In campagna elettorale "la parola mafia è sparita", ha detto il sociologo a Palermo a margine della commemorazione per i quarant'anni dall'uccisione del padre Carlo Alberto. "Le istituzioni sono andate più avanti della politica. Certo, averla al proprio fianco aiuterebbe, ma la storia è lotta, non esiste un progresso unilineare", ha aggiunto. La risposta della titolare del Viminale: "Stiamo facendo tanto sull'aggressione dei beni mafiosi e contro le infiltrazioni nel Pnrr"

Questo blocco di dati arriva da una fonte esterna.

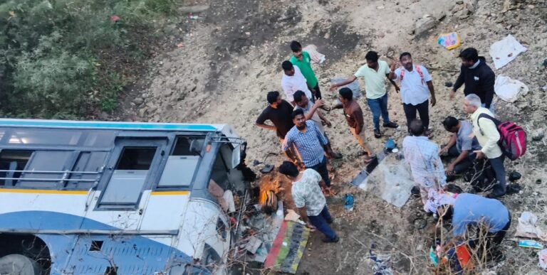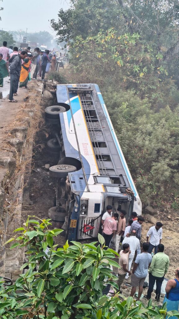 Bus accident, ఉట్నూర్, ఆంధ్రప్రభ : ఆదిలాబాద్ జిల్లా ఉట్నూరు మండలంలోని షాంపూర్ లో సోమవారం తెల్లవారుజామున వంతెన పై నుండి వాగులో ఆర్టీసీ బస్సు అదుపుతప్పి బోల్తా పడింది. ఈ చిన్న వాగులో నీరు లేకపోవడం వల్ల అధిక ఎత్తు లేకపోవడం వల్ల పెను ప్రమాదం తప్పింది. ఆ బస్సులో ప్రయాణిస్తున్న 20 మందికి పైగా ప్రయాణికులకు గాయాలు అయ్యాయి. బస్సు బోల్తా పడ్డ విషయం తెలియగానే షాంపూర్ గ్రామస్తులు వచ్చి బస్సు అద్దాలు పగలగొట్టి గాయాలైన ప్రయాణికులను బస్సు నుండి బయటకు తీశారు.

In questa campagna elettorale “la parola mafia è sparita“, e la politica “non mostra grande interesse per la lotta alla mafia”. Lo ha detto a Palermo Nando Dalla Chiesa, sociologo e professore universitario, a margine della commemorazione per i quarant’anni dalla strage di via Isidoro Carini in cui Cosa nostra uccise suo padre, il generale dei Carabinieri Carlo Alberto Dalla Chiesa, la seconda moglie Emanuela Setti Carraro e l’agente di scorta Domenico Russo. “Le istituzioni sono andate più avanti della politica“, ha detto Dalla Chiesa parlando del ritorno sulla scena politica siciliana di personaggi condannati per fatti di mafia come Marcello dell’Utri e Totò Cuffaro. “Certo, averla al proprio fianco aiuterebbe, ma la storia è lotta, non esiste un progresso unilineare. Credo che, come società, abbiamo il dovere di fare del nostro meglio perché, da sola, la politica non cambia“.

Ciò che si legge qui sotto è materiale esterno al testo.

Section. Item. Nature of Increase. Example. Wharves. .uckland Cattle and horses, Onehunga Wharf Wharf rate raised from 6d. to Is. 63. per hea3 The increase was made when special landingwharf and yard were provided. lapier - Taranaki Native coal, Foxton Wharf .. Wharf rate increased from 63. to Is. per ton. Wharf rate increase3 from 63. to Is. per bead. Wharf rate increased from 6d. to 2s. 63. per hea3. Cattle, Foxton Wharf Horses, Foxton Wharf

Al figlio del generale ucciso ha risposto indirettamente la ministra dell’Interno Luciana Lamorgese, anche lei presente alla cerimonia a Palermo. “Stiamo facendo tanto in termini di aggressione ai beni dei mafiosi, in termini di beni confiscati, e soprattutto come prevenzione dell’inserimento della mafia nei fondi del Pnrr. Su questo il ministero dell’Interno, addirittura, nel 2020 ha istituto un organismo di controllo di questo tipo. Quindi, credo che la cosa importante sia che ci siano i fatti. E i fatti ci sono“, dice all’AdnKronos. “Il generale Carlo Alberto Dalla Chiesa”, ricorda, “aveva intuito subito che quelli che erano alcuni “privilegi” che i singoli ritenevano di avere da parte mafiosa non erano che altro che diritti dei cittadini e che quindi lo Stato doveva riconoscere quei diritti e strapparli alle mani mafiose”.